The Gita explains the ways and means to bring one’s body, senses, mind and intellect under control and this sadana is called “atma samyama yoga.” The term ‘karyam karma’ clearly spells out the subtle values of spirit and attitude behind every act of an individual. It means ‘doing what is accepted as work that has to be done and also not with expectation of any reward.’ It also implies that only deeds aligned to dharma, sanctioned by the sastras, and good deeds have to be done.

Practice of living this committed way of life and giving up the fruits of one’s actions is the ideal way of life for any individual for in this way one learns to renounce all worldly gains, pointed out Srimati Rukmini Ramamurthy in a discourse.

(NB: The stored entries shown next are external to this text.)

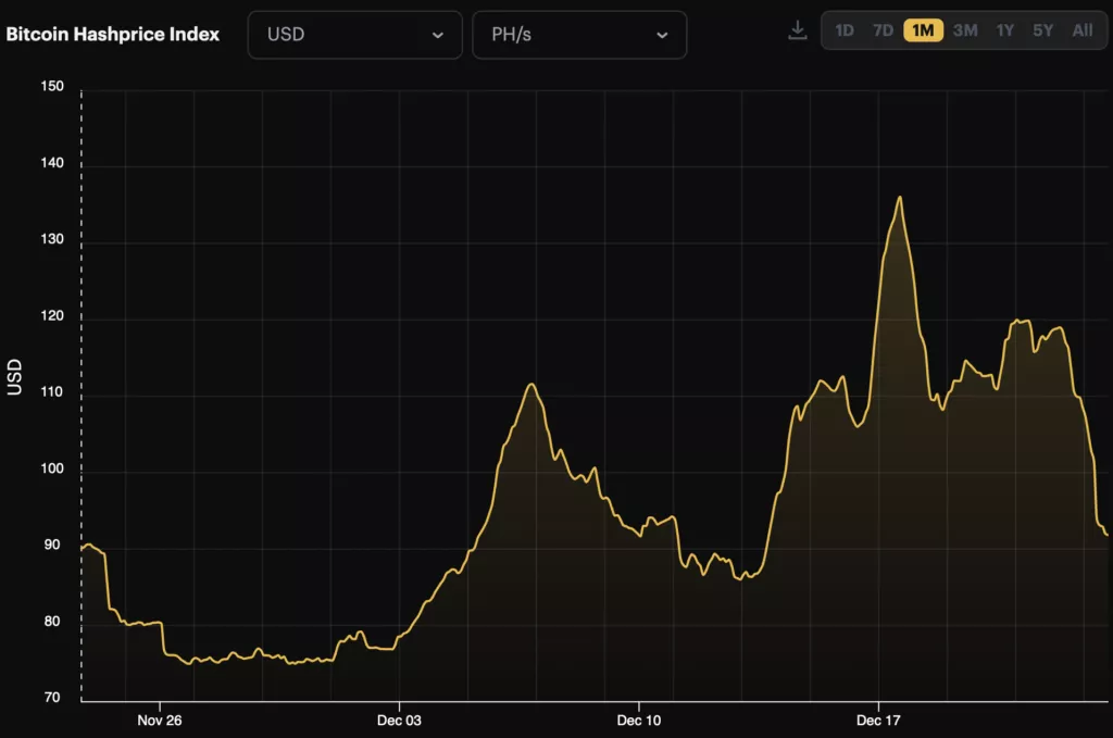 По данным Hashrate Index, хешпрайс составляет $92 за PH.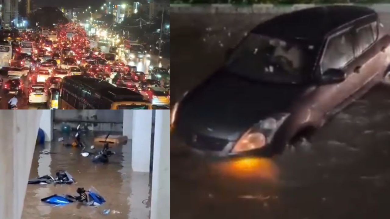 अचानक हुई भारी बारिश के कारण शहर के कई इलाकों में जलभराव, गंभीर यातायात जाम और बिजली आपूर्ति बाधित हो गई, खासकर व्यस्त समय के दौरान. आईटी हब रोड नदियों की ओर मुड़ता है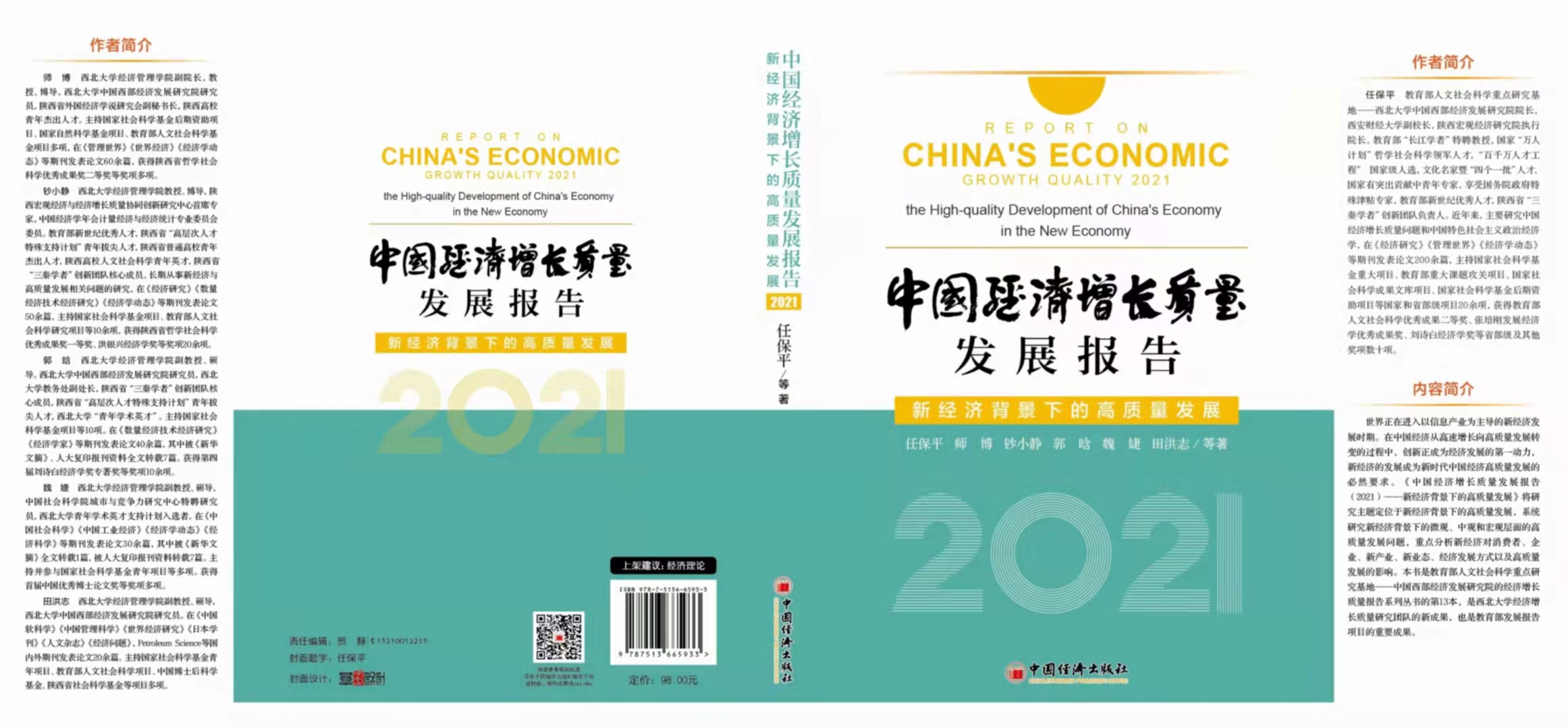 近日,由教育部人文社会科学重点研究基地—乐鱼网页版页面登录中国西部经济发展研究院院长任保平教授及其团队成员师博教授、钞小静教授、郭晗副教授、魏婕副教授、田洪志副教授等集体撰写的年度标志性成果——《中国经济增长质量报告(2021)》在中国经济出版社出版。全书由21章内容构成,共37.3万字。本书是经济增长质量报告系列丛书的第13本,是乐鱼网页版页面登录经济增长质量研究团队的新成果,是研究院科研团队集体智慧的结晶,是新经济背景下对高质量发展研究的一次理论探索。
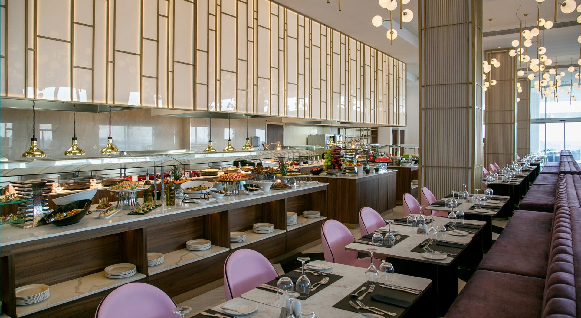 На ужин гости могут отведать блюда американской, итальянской и интернациональной кухни в стильной обстановке. В лобби и у бассейна работают 3 бара, в которых можно заказать экзотические коктейли, мороженое или закуски.
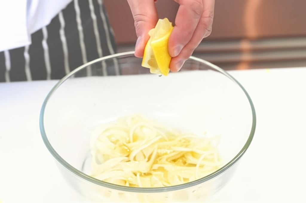 Z koperku, natki pietruszki, musztardowca i kolendry oderwij jedynie listki. Umieść w miseczce. Z fennela usuń zewnętrzną warstwę. Potem pokrój bulwę na krajalnicy w bardzo cienkie plastry. Kilka początkowych z łodygą warzywa w środku wyrzuć. Fennela polej miodem, niewielką ilością oliwy oraz skrop sporą ilością soku z cytryny.
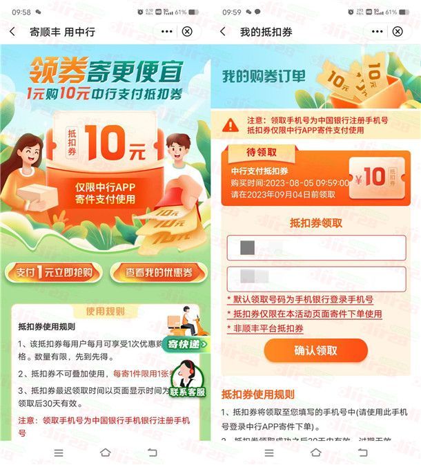 2、支付1元购买10元顺丰速运寄件券,购买之后需要填写手机号码领取,然后就可以寄顺丰快递抵扣使用,需要在中国银行APP里寄快递下单才可以抵扣
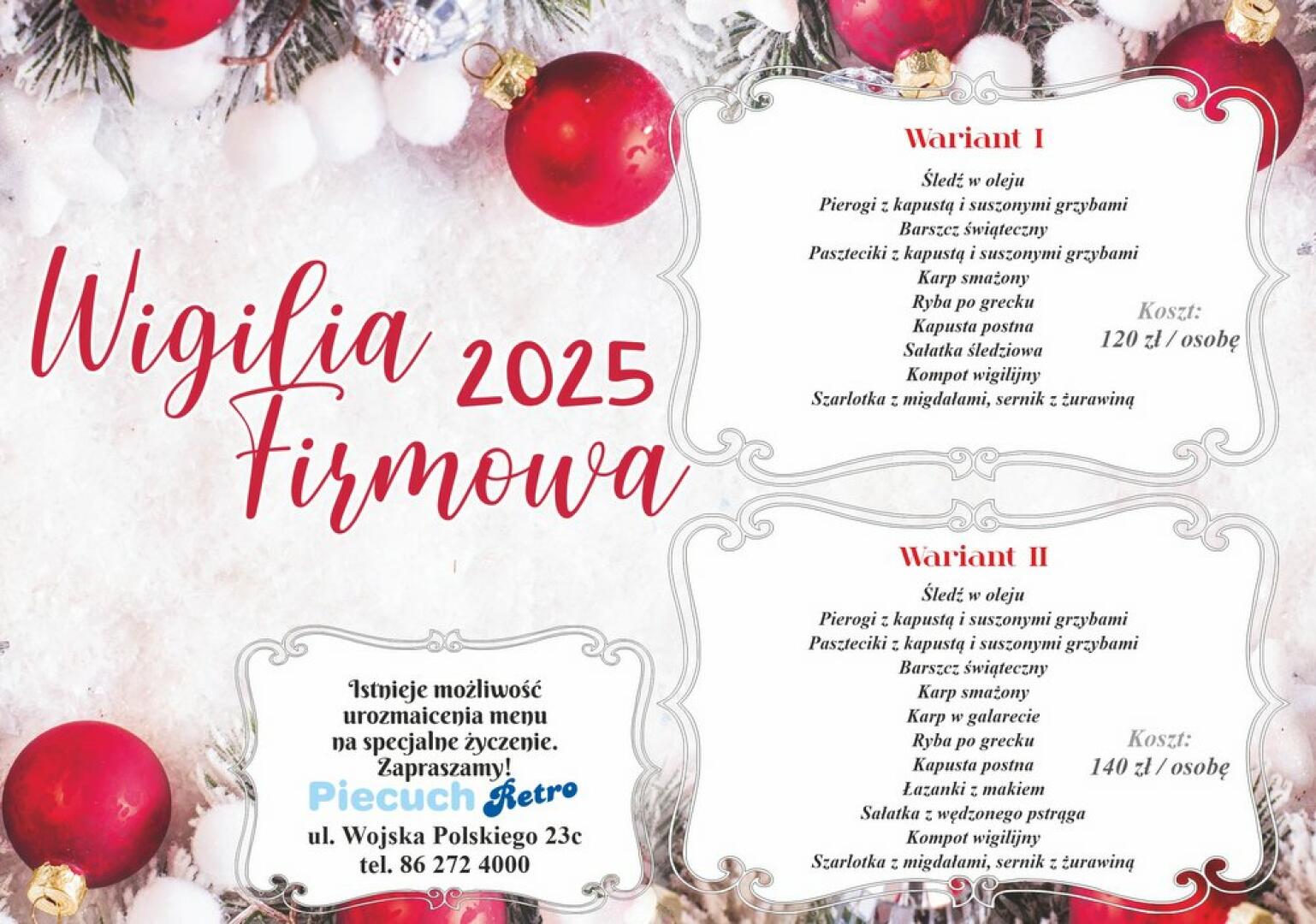 Grajewo ogłoszenia: Potrawy wigilijne Piecuch Retro!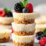 Keywords: mini cheesecake, protein cheesecake, healthy dessert, low fat dessert, Greek yogurt cheesecake, gluten free dessert, easy cheesecake recipe, bite-size cheesecakes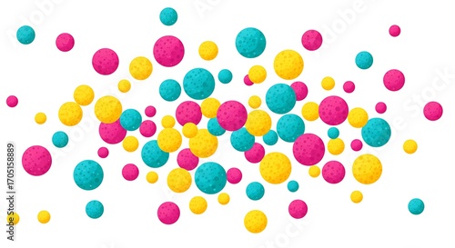 A vector illustration of colorful bubbles mixed with styrofoam like texture, glossy and reflective, centered on a clean white background

It is also explained that the state of renunciation has no relation to one’s status or birth, learning or faith; it is purely a state of mind where all attachments are given up. One should not confuse between outward signs of renunciation and true renunciation. There is a popular understanding that a sanyasi is one who has given up agni hotra and wears ochre robes; and that a yogi is one who has given up worldly commitments and retires into solitude to engage in meditation. These acts cannot be called renunciation if one has not given up desires or karma phala. The deep seated vasanas have to be destroyed and all kinds of attachment to worldly attractions, objects and beings have to cut off relentlessly.

It is thus clear that whatever life one chooses to lead, renunciation is the execution of one’s ordained duties without an inward striving for reward. That is why Nishkama Yoga inculcates the spirit of renunciation in one regardless of whether he is a householder, or a sanyasi or yogi.